-Re: Performance difference between tuning reducer num and partition table
Dean Wampler 2013-06-29, 14:01
What happens if you don't set the number of reducers in the 1st run? How
many reducers are executed. If it's a much smaller number, the extra
overhead could matter. Another clue is the size of the files the first run
produced, i.e., do you have 30 small (much less than a block size) files?
On Sat, Jun 29, 2013 at 12:27 AM, Felix.徐 <[EMAIL PROTECTED]> wrote:
> Hi Stephen,
> My query is actually more complex , hive will generate 2 mapreduces,
> in the first solution , it runs 17 mappers / 30 reducers and 10 mappers /
> 30 reducers (reducer num is set manually)

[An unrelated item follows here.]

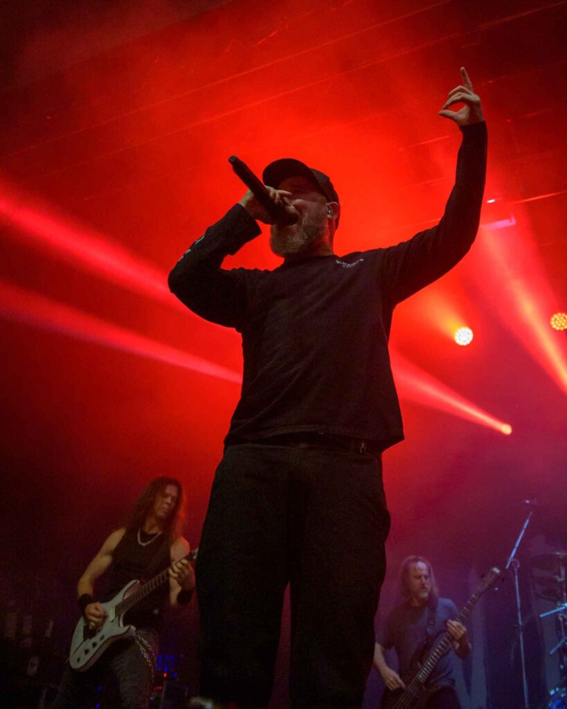 Na parte intermediária do set, “Meet Your Maker” e “State of Slow Decay” trouxeram o peso das composições mais recentes, mostrando como o grupo mantém relevância sem abandonar suas raízes. “Alias” e “The Mirror’s Truth” reforçaram essa ponte entre passado e presente, sendo que, nesta última, o vocalista incentivou a abertura de uma grande roda no meio da pista, prontamente atendido pelos fãs, em um dos momentos mais visuais e intensos da apresentação.

> in the second solution , it runs 6 mappers / 1 reducer and 4 mappers / 1
> reducers for each partition
> I do not know whether they could achieve the same performance if the
> reducers num is set properly.
> 2013/6/29 Stephen Sprague <[EMAIL PROTECTED]>
>> great question. your parallelization seems to trump hadoop's. I guess
>> i'd ask what are the _total_ number of Mappers and Reducers that run on
>> your cluster for these two scenarios? I'd be curious if there are the
>> On Fri, Jun 28, 2013 at 8:40 AM, Felix.徐 <[EMAIL PROTECTED]> wrote:
>>> Hi all,
>>> Here is the scenario, suppose I have 2 tables A and B, I would like to
>>> perform a simple join on them,
>>> We can do it like this:
>>> INSERT OVERWRITE TABLE C
>>> SELECT .... FROM A JOIN B on A.id=B.id
>>> In order to speed up this query since table A and B have lots of data,
>>> another approach is :
>>> Say I partition table A and B into 10 partitions respectively, and write
>>> the query like this
>>> INSERT OVERWRITE TABLE C PARTITION(pid=1)
>>> SELECT .... FROM A JOIN B on A.id=B.id WHERE A.pid=1 AND B.pid=1
>>> then I run this query 10 times concurrently (pid ranges from 1 to 10)
>>> And my question is that , in my observation of some more complex
>>> queries, the second solution is about 15% faster than the first solution,
>>> is it simply because the setting of reducer num is not optimal?
>>> If the resource is not a limit and it is possible to set the proper
>>> reducer nums in the first solution , can they achieve the same performance?
>>> Is there any other fact that can cause performance difference between
>>> them(non-partition VS partition+concurrent) besides the job parameter
Dean Wampler, Ph.D.